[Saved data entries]
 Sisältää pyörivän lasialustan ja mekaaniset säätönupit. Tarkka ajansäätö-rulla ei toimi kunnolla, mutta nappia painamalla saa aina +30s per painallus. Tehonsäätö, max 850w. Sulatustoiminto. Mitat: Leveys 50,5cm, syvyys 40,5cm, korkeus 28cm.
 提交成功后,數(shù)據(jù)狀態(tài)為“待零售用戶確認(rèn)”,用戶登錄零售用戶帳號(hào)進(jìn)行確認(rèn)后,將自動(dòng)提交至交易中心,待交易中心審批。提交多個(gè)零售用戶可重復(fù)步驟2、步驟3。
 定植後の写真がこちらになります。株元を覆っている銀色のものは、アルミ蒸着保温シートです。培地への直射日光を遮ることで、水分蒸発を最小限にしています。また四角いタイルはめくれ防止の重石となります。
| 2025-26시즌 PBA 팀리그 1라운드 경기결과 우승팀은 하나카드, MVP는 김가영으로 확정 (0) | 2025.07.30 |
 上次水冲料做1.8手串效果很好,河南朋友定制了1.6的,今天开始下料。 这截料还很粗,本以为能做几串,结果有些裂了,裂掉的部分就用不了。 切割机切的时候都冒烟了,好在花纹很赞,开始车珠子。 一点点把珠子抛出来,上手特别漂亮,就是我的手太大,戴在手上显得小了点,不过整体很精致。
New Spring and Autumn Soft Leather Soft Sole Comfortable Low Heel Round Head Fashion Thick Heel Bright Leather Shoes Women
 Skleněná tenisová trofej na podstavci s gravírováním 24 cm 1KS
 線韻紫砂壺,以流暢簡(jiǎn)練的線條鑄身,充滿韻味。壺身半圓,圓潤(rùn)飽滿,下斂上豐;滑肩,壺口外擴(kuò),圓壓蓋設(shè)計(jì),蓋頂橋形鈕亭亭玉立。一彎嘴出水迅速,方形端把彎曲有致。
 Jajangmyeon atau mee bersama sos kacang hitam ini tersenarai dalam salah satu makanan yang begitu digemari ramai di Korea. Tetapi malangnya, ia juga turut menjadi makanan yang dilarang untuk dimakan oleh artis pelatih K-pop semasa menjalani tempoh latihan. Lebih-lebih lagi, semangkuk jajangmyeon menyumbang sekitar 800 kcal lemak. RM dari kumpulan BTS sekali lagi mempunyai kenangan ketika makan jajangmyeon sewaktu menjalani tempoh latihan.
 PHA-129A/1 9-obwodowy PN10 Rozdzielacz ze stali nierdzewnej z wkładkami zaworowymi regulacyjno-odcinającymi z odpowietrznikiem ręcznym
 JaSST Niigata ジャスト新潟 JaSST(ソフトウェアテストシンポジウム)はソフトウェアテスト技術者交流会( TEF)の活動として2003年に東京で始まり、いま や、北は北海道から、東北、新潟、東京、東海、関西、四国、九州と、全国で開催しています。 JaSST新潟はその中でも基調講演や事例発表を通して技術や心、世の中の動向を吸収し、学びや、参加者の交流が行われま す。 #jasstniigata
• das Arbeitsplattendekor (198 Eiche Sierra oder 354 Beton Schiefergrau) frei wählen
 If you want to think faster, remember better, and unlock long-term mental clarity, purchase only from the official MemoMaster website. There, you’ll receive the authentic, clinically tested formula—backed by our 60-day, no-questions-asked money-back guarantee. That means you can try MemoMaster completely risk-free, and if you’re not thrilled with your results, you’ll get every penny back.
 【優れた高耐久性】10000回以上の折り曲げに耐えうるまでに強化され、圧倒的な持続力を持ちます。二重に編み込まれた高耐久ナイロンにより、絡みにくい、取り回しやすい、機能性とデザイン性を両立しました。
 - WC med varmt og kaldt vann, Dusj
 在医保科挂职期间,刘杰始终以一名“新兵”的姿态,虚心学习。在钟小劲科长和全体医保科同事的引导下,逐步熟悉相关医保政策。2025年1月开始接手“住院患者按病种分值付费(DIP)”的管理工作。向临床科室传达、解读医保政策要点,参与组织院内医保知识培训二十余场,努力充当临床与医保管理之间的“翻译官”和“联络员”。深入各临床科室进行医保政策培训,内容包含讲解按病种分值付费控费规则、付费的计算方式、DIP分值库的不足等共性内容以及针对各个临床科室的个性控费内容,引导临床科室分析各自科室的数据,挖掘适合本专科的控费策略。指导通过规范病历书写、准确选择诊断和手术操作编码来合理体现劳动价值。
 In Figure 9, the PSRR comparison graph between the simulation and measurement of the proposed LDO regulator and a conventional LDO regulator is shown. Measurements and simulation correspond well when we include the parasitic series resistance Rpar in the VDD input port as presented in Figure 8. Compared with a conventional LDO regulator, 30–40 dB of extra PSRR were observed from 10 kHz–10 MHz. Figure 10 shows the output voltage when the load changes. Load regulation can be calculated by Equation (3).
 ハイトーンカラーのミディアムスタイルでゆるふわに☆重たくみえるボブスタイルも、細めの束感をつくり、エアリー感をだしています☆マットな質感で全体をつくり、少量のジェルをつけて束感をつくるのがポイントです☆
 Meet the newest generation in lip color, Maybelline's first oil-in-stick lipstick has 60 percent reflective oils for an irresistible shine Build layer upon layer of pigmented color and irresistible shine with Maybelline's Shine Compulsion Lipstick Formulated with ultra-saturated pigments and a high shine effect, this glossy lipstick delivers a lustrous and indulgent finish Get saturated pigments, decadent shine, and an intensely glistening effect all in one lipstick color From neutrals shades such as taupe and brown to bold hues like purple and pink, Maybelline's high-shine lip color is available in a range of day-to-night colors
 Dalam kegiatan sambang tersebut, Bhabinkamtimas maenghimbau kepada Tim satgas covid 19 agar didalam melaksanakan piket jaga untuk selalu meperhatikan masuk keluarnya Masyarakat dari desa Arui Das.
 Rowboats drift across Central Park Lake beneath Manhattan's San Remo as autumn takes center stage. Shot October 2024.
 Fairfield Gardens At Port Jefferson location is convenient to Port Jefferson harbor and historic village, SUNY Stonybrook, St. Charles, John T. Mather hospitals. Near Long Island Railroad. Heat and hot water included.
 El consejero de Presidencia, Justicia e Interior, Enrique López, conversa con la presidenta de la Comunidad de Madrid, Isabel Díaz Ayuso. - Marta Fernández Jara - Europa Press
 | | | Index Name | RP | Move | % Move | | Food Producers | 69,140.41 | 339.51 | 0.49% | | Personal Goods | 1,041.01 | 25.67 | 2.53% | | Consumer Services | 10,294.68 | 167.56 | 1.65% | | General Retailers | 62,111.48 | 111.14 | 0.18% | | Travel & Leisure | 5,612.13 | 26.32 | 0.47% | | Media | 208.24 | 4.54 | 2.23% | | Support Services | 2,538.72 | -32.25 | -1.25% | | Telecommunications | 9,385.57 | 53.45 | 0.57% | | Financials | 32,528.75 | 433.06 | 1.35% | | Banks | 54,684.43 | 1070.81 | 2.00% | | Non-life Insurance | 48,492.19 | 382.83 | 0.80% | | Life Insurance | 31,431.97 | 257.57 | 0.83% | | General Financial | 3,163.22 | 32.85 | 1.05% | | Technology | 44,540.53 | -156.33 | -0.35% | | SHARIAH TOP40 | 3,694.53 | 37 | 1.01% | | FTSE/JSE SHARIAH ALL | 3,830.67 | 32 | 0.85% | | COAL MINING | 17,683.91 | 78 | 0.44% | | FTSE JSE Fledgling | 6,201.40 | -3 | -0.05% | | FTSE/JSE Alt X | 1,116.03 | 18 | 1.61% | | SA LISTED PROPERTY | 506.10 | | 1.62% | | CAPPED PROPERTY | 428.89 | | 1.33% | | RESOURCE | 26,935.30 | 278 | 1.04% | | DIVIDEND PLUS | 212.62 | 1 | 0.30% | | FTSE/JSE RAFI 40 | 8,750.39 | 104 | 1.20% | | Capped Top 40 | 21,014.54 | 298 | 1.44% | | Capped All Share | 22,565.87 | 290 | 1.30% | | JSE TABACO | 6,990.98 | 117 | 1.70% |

=== What needs to be done ===
Of all the lines in the data, count those that contain "dari" and give that figure with nothing else.

=== Solution ===
2